__ABOUT THIS TASK__: Return exactly the lines of the data below, from the one that contains "본문 시작 홈으로 포토갤러리" through the final line, and leave out every picture.

__DATASET CONTENT__:
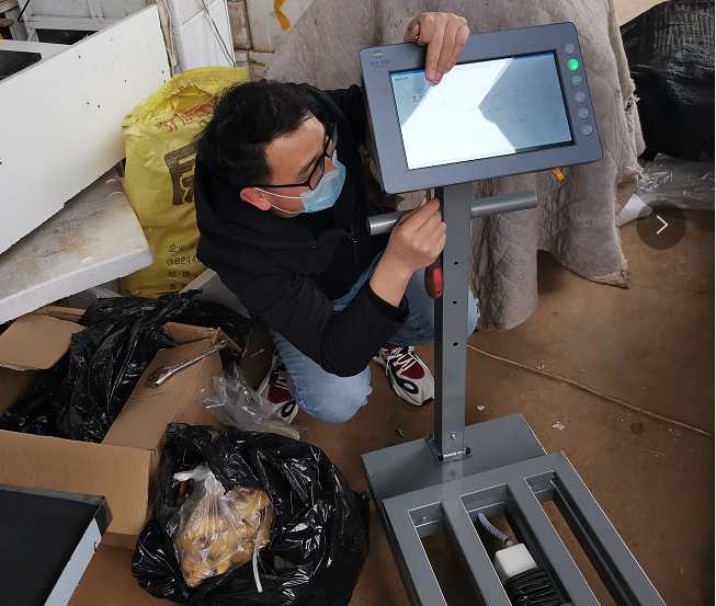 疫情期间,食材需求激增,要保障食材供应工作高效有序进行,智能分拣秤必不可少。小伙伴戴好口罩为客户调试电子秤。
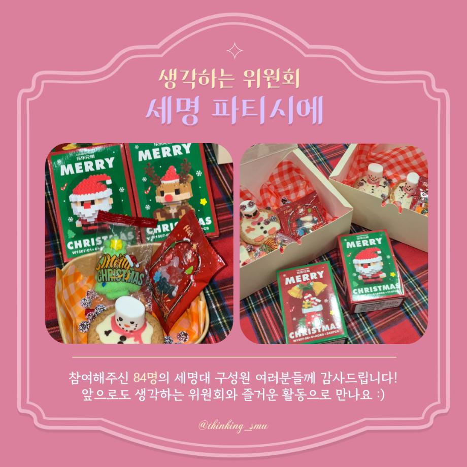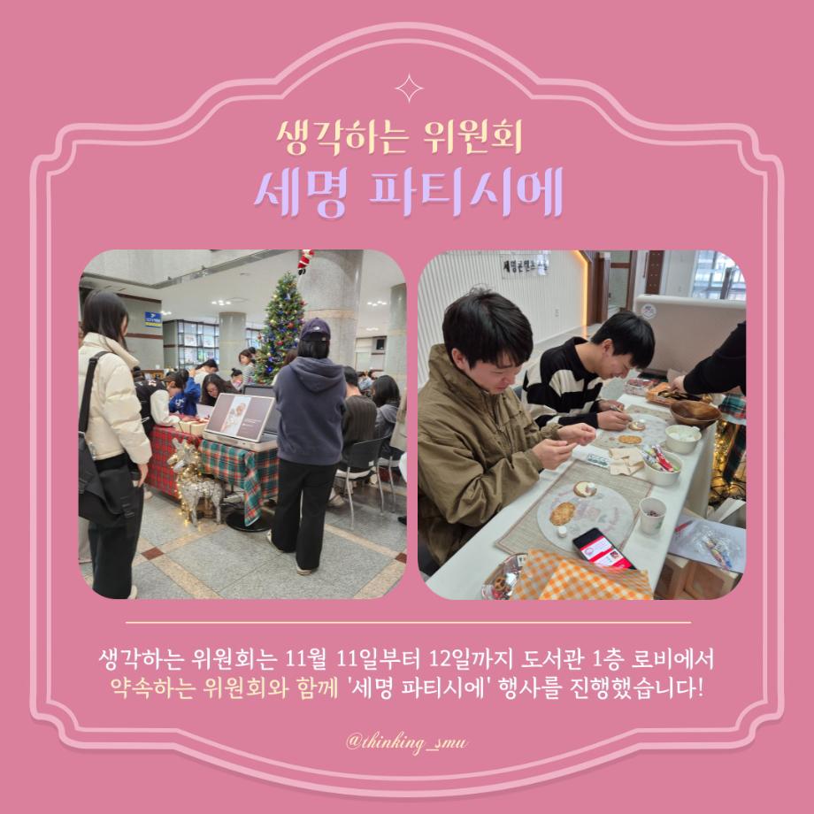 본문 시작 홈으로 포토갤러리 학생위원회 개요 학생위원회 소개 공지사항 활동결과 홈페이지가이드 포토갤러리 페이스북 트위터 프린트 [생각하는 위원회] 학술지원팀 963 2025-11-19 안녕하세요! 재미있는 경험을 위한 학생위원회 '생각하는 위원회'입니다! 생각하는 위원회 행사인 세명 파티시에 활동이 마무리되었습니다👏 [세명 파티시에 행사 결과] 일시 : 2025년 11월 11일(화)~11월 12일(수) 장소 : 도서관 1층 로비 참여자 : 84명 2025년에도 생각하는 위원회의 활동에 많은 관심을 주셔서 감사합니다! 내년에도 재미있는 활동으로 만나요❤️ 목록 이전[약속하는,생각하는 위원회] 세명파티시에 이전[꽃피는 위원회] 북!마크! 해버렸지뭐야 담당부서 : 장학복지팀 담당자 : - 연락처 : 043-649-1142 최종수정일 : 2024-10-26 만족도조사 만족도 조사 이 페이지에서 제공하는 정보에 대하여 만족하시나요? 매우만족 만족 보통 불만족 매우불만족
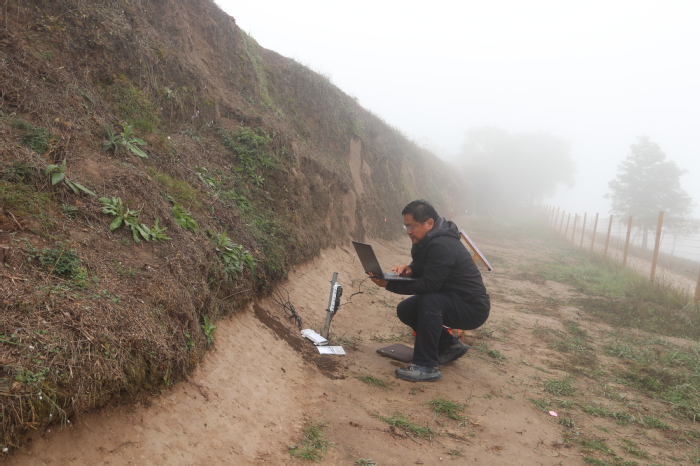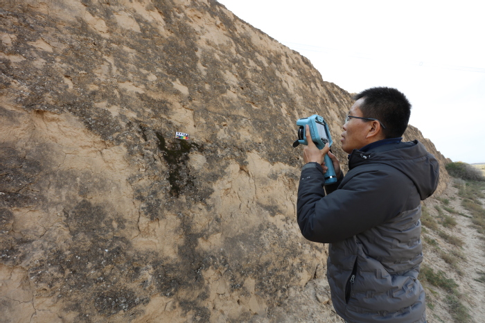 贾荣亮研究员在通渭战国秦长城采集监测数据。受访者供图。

__RESPONSE TO THE TASK__:
 본문 시작 홈으로 포토갤러리 학생위원회 개요 학생위원회 소개 공지사항 활동결과 홈페이지가이드 포토갤러리 페이스북 트위터 프린트 [생각하는 위원회] 학술지원팀 963 2025-11-19 안녕하세요! 재미있는 경험을 위한 학생위원회 '생각하는 위원회'입니다! 생각하는 위원회 행사인 세명 파티시에 활동이 마무리되었습니다👏 [세명 파티시에 행사 결과] 일시 : 2025년 11월 11일(화)~11월 12일(수) 장소 : 도서관 1층 로비 참여자 : 84명 2025년에도 생각하는 위원회의 활동에 많은 관심을 주셔서 감사합니다! 내년에도 재미있는 활동으로 만나요❤️ 목록 이전[약속하는,생각하는 위원회] 세명파티시에 이전[꽃피는 위원회] 북!마크! 해버렸지뭐야 담당부서 : 장학복지팀 담당자 : - 연락처 : 043-649-1142 최종수정일 : 2024-10-26 만족도조사 만족도 조사 이 페이지에서 제공하는 정보에 대하여 만족하시나요? 매우만족 만족 보통 불만족 매우불만족
 贾荣亮研究员在通渭战国秦长城采集监测数据。受访者供图。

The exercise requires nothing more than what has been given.